Add a new box at the very bottom of the chart:
With regard to private enforcement, see Chart C56
Update | p. 53
The box in the 4th row must read:
Obligation of the undertakings to cooperate
In principle, the undertakings must cooperate with the Commission. In certain circumstances, undertakings may withhold information:
• Self-incrimination:
No obligation of undertakings to admit infringements, though factual questions must be answered; recital 23 in the preamble to Regulation 1/2003/EC; Orkem (1989), Solvay (1989), Société Générale (1995).

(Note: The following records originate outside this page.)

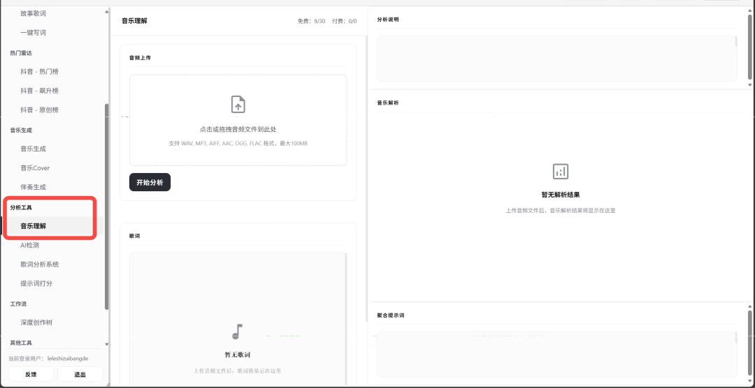点进去之后找到左侧边栏,点分析工具里面的音乐理解,就能看到这个界面了。
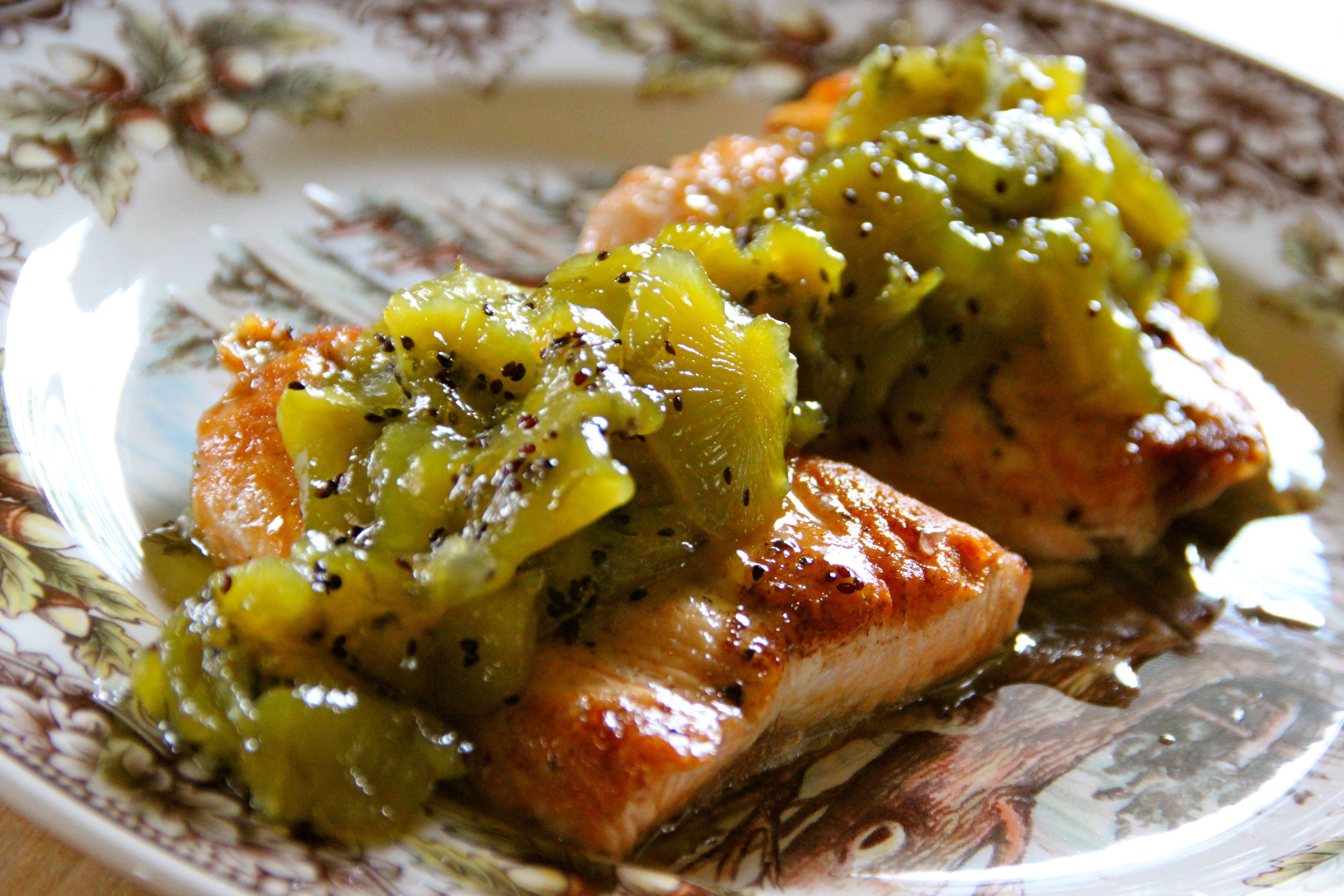 Recipe is for 4 people. Add one fillet per person for more servings and increase sauce components by 1/4 per extra serving. 3 kiwis, peeled and cut into slices 1/4 cup of water Zest and juice of one lime 1 heaping tablespoon of honey 2 tablespoons of butter 4 fillets of salmon Pinch of salt and fresh cracked pepper
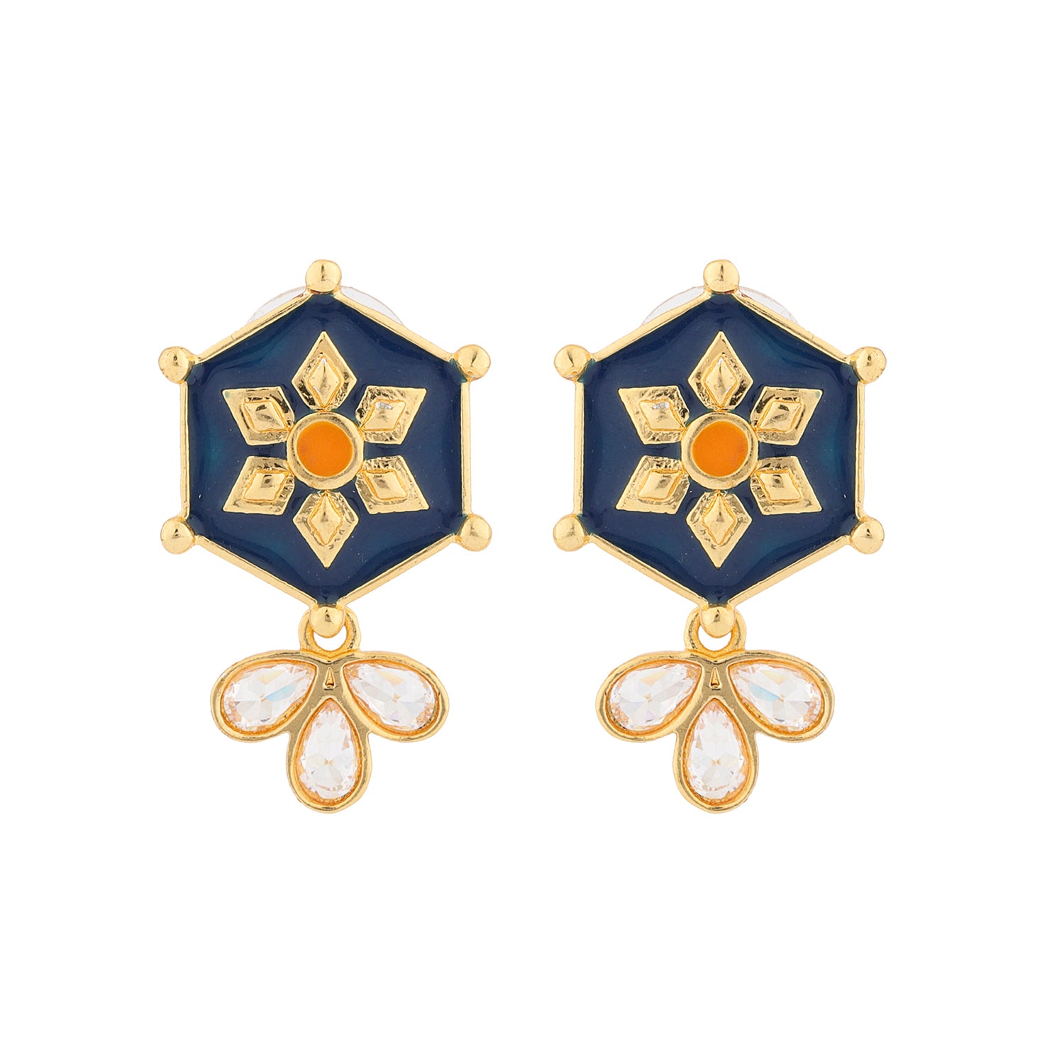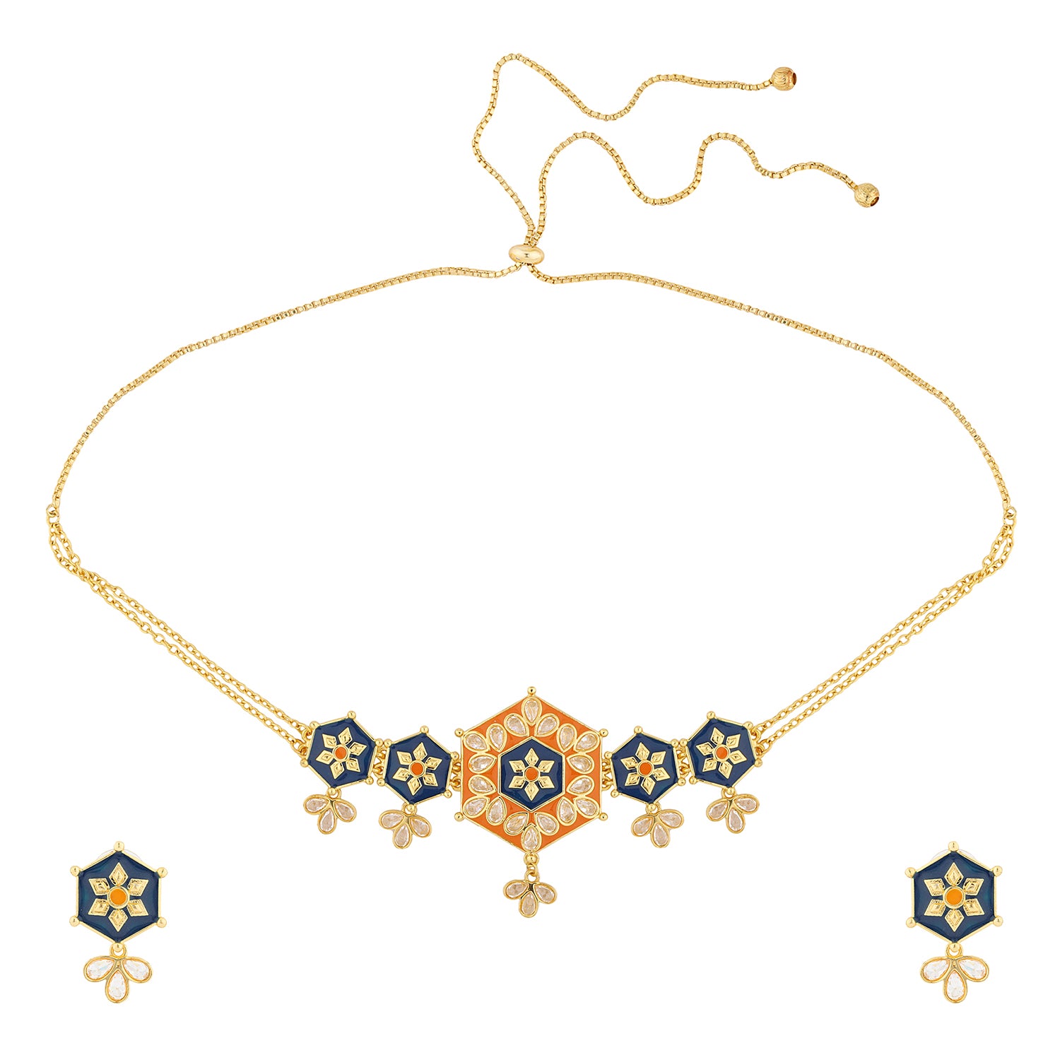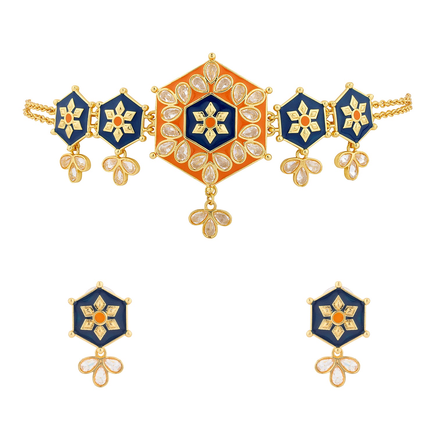 The Gota Patti Shahi Jharokha Necklace Set is a luxurious enameled ethnic necklace set that brings together tradition, royalty, and festive charm in one breathtaking piece. Inspired by Rajasthan’s regal Gota Patti embroidery and crafted with intricate enamel detailing, this ethnic enamel necklace set features a bold hexagonal jharokha design with vibrant navy and orange enameling. Surrounded by shimmering reverse AD stones and finished in a radiant gold tone, this gold necklace set is designed to be a true showstopper. Perfect as a wedding enamel necklace set, a festive jewellery necklace set, or a wedding ethnic necklace set, this design celebrates the grandeur of Rajwada aesthetics while giving you a chic, stylish, and versatile accessory. The matching earrings complete the look, making it a festive statement necklace set you’ll treasure for years to come. Whether you’re dressing up for weddings, receptions, poojas, Diwali, or Karwa Chauth, this ethnic wear necklace set will make you shine like royalty. If you’re searching for jewellery gifts for women, a timeless gift for her, or a thoughtful gift for girlfriend, this stylish necklace set is a perfect choice that combines cultural elegance with modern flair.

• Legal professional privilege (attorney – client):
No obligation of an undertaking to disclose confidential communications with its external counsel; AM & S (1982). No such privilege for in-house counsel; AKZO Nobel (2010);
• Protection of business premises:
Art. 8 ECHR (protection of the home) may in certain circumstances cover business premises. The Commission’s measures must not be arbitrary or disproportionate; Roquettes Frères (2002);
• Breach of seal during an inspection:
In the case of a breach of a seal, the undertaking must prove that the seal was neither wilfully nor negligently broken; E.ON (2012).
Update | p. 55
The box in the 4th row, on the right hand side, entitled “Penalties”, must read:
Penalties
Imposition of financial penalties is possible, Arts. 23 et seq. of Regulation 1/2003/EC:
• Fines;
• Period penalty payments.Commission Guidelines on the method of setting fines (2006) mentions mitigating and aggravating circumstances; e.g. Intel (2014), involving the highest fine imposed so far.
Ne bis in idem, Art. 6 ECHR:
• The Commission must take account of fines imposed for the same conduct under the national law of a Member State; Boehringer Mannheim (1972), SGL Carbon (2007).
• However, this does not apply in relation to fines imposed for the same conduct under the national law of a third country; SGL Carbon (2007).